What you will do: With the pictures omitted, transcribe each line below exactly as it is.

#### Available data ####

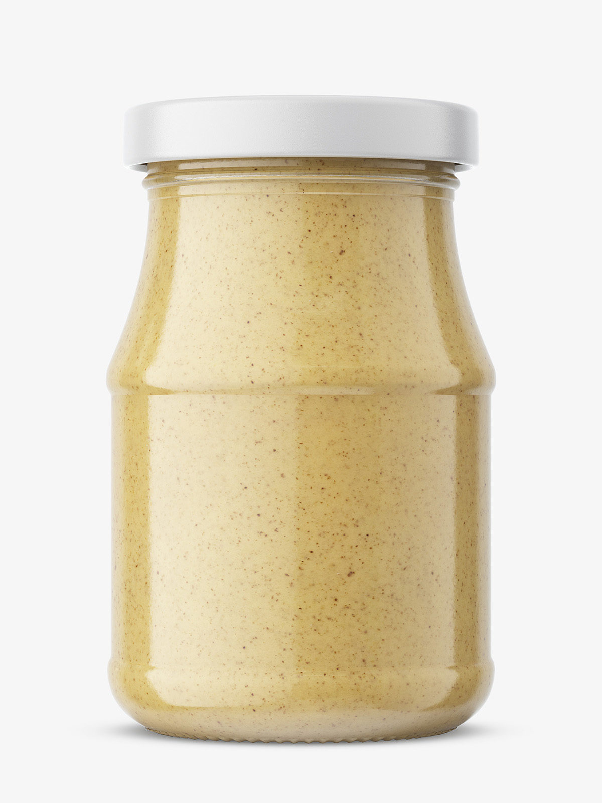 Popular glass jar filled with mustard or other similar cream. Mockup prepared with an option for an easy change of the cap and label project. Inside of the jar cannton be replaced.
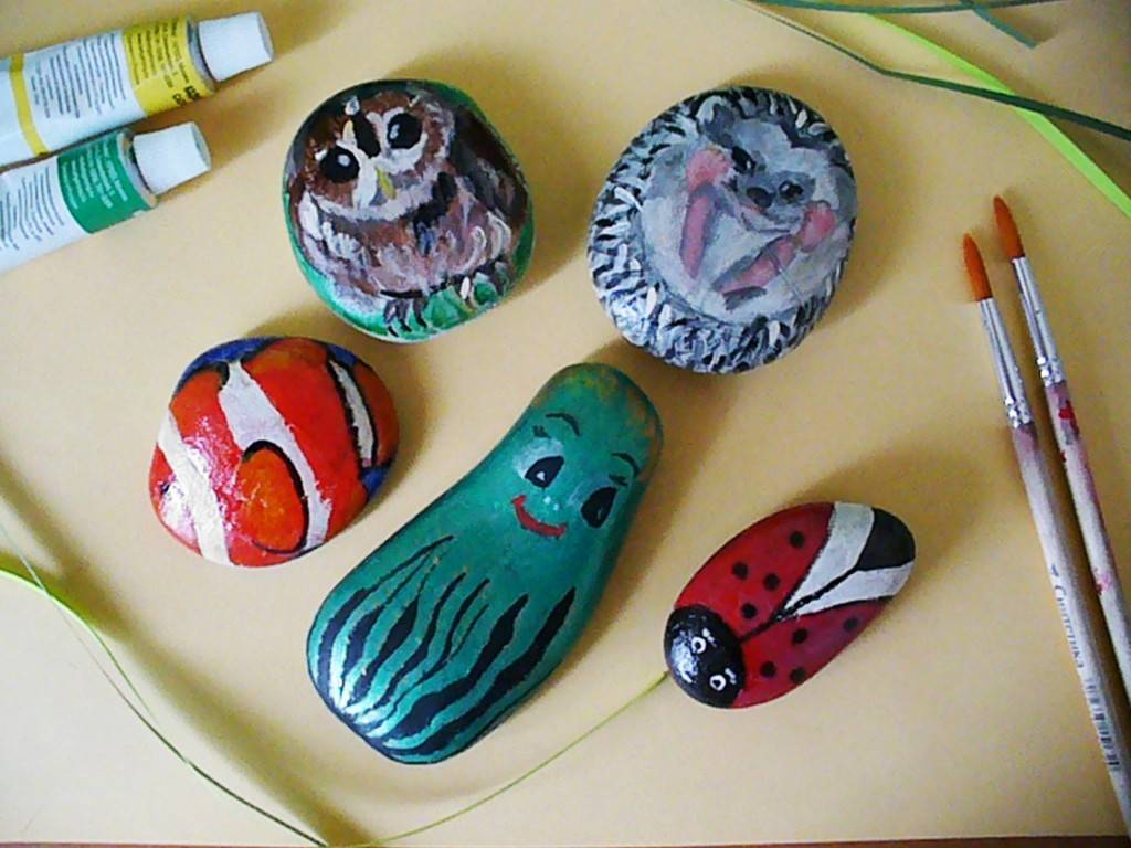 Используйте данный вид поделки на занятиях для детей. Технику росписи камней можно использовать на выставках детского творчества, либо же как увлекательную домашнюю игру по созданию декоративных картинок для интерьера комнаты.
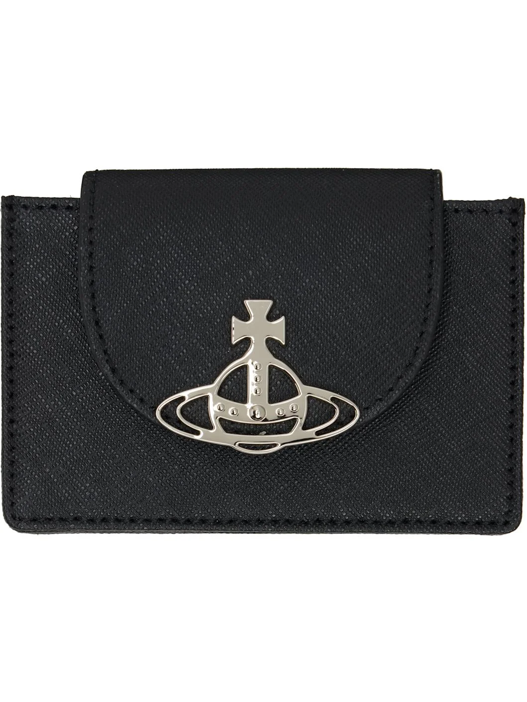 Saffiano leather card holder. · Accordion panel at sides and base · Logo hardware at adjustable pin-buckle foldover strap · Five card slots · H2.5" x W4" x D0.75" Supplier color: Black Leather. Made in Italy 261314M163040

####

Exercise answer:
 Popular glass jar filled with mustard or other similar cream. Mockup prepared with an option for an easy change of the cap and label project. Inside of the jar cannton be replaced.
 Используйте данный вид поделки на занятиях для детей. Технику росписи камней можно использовать на выставках детского творчества, либо же как увлекательную домашнюю игру по созданию декоративных картинок для интерьера комнаты.
 Saffiano leather card holder. · Accordion panel at sides and base · Logo hardware at adjustable pin-buckle foldover strap · Five card slots · H2.5" x W4" x D0.75" Supplier color: Black Leather. Made in Italy 261314M163040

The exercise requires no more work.